Stellenbosch and the Franschhoek Valley
The most beautiful day of my Cape Town week I spent in the Winelands around Stellenbosch and Franschhoek. The landscape there is almost outrageously beautiful: gentle hills, rugged mountain ranges in the background, whitewashed Cape Dutch wine estates that look as if they had stepped out of a painting. I had arranged for a driver – a wise decision, because that way I could taste every glass without keeping one eye on the steering wheel.



At one of the estates there was a wine pairing across several courses: with each wine a small, perfectly matched plate. A robust Pinotage – the grape variety that South Africa is particularly proud of – with slow-braised lamb. An elegant Chardonnay with goat's cheese.
It sounds like a cliché, but I sat there, looked out over the valley and genuinely thought: a day really needs nothing more than this. What surprised me: how effortless all of it was. No stiffness, no ceremony – South Africans take their wine seriously, but not themselves. It is exactly that mix that makes enjoyment here feel so easy.
After six days of city, sea and wine, I was sated in the very best sense of the word – and ready for the second part of the trip, which was going to be quite different.
Along the Garden Route Heading East
The drive from Cape Town to Plettenberg Bay is not a necessary evil between two destinations, but an experience in itself. The Garden Route runs along the coast, sometimes hugging the water, sometimes winding through green hills and forests. I deliberately took my time, stopped here and there, drank a coffee, looked out at the sea. With every kilometre I became a little calmer. The Garden Route gently prepares you for what is coming in Plett: slowing down.

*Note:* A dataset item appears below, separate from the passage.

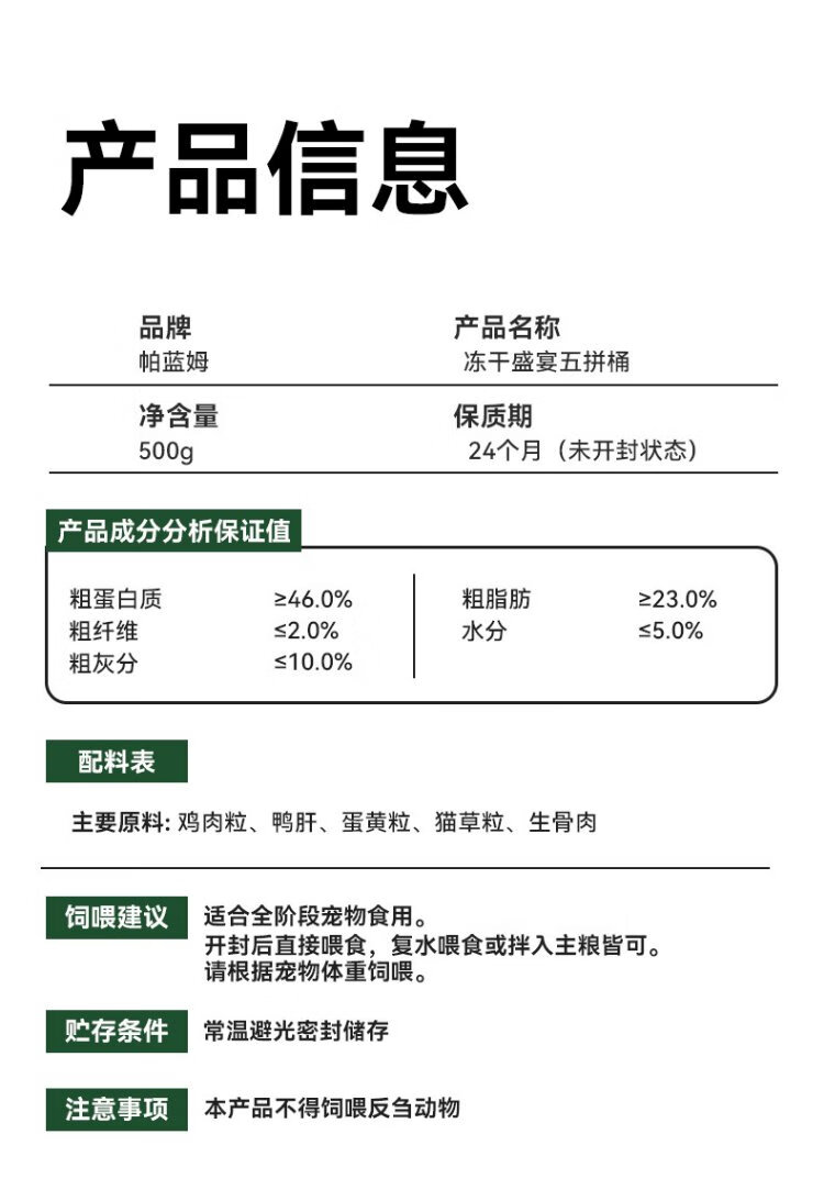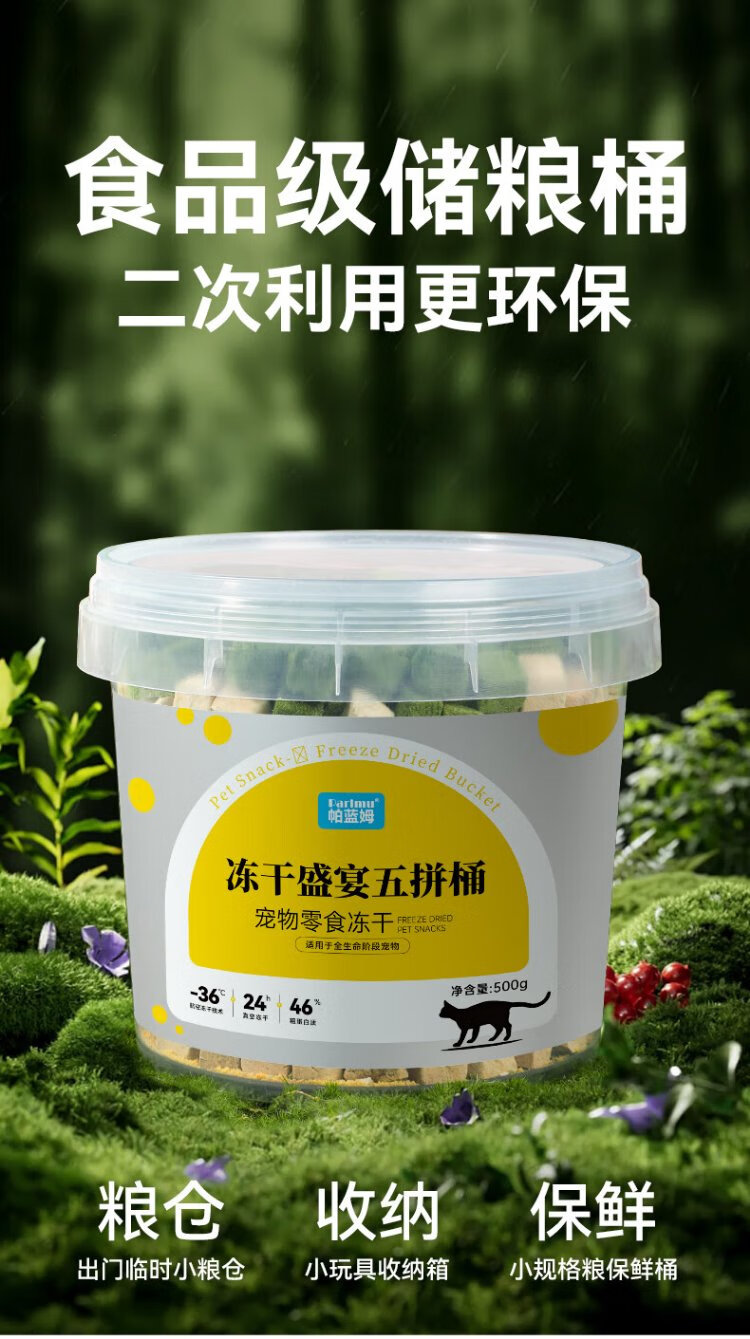 Parlmu Parlam freeze-dried cat snacks dog snacks chicken breast freeze-dried chicken cubes 5 kinds of mixed freeze-dried bucket 500g

Plettenberg Bay and the Cutty Sark Villa
Plettenberg Bay – affectionately called “Plett” by everyone – is the place where I truly arrived. Long beaches, the Robberg Nature Reserve, the Indian Ocean in a shade of blue that almost looks unreal. Plett is glamorous without being demanding. It is the place where well-off South Africans spend their summers, and you can feel it – in the most pleasant, understated way.
And then there was the villa.

The Cutty Sark Villa sits on the famous Cutty Sark Hill, one of the best addresses in Plettenberg Bay. Even the drive up the hill had something ceremonial about it. And then the door opened, and I was standing in one of those rooms that involuntarily makes you hold your breath.
It is an architectural masterpiece – not a marketing phrase, simply the most accurate word. The open-plan living area flows seamlessly outside, inside and outside blur into one, and everywhere you look there is that 180-degree view: the glittering Indian Ocean, the Robberg Nature Reserve, the most beautiful corners of Plett, all at once, all from this elevated position. For the first half hour I didn't say a single meaningful word, I just walked from window to window.
The villa has five bedrooms and five bathrooms, room for up to ten guests – generous, bright, elegantly furnished, with a state-of-the-art kitchen and spacious areas for dining and relaxing. The heart of it all, however, is the infinity pool that stretches along the length of the villa. You swim in it as if you were swimming straight into the ocean. I spent more time at, in and beside that pool than I would like to admit.
A Week Where Nothing Had to Happen
Here I have to be honest: I had originally drawn up a long list of excursions for the second week. By the second day I had quietly put that list to one side.
The Cutty Sark Villa is not a place you flee from in the morning to return to exhausted at night. It is the destination itself. My daily rhythm fell into place on its own: coffee on the terrace as the sun rose over the Robberg. A few laps in the infinity pool. A book I finally finished. The well-kept garden, the stillness broken only by the wind and the sea. It is astonishing how quickly the mind empties when the view in front of you is full enough.
What made this luxury perfect was the service. Everything could be arranged through the concierge – and I made grateful use of that. The greatest gift I gave myself was the private chef.
After a week of restaurant hopping in Cape Town, the thought of simply staying at home and still eating exceptionally well felt almost too good to be true. But that is exactly what the second week was.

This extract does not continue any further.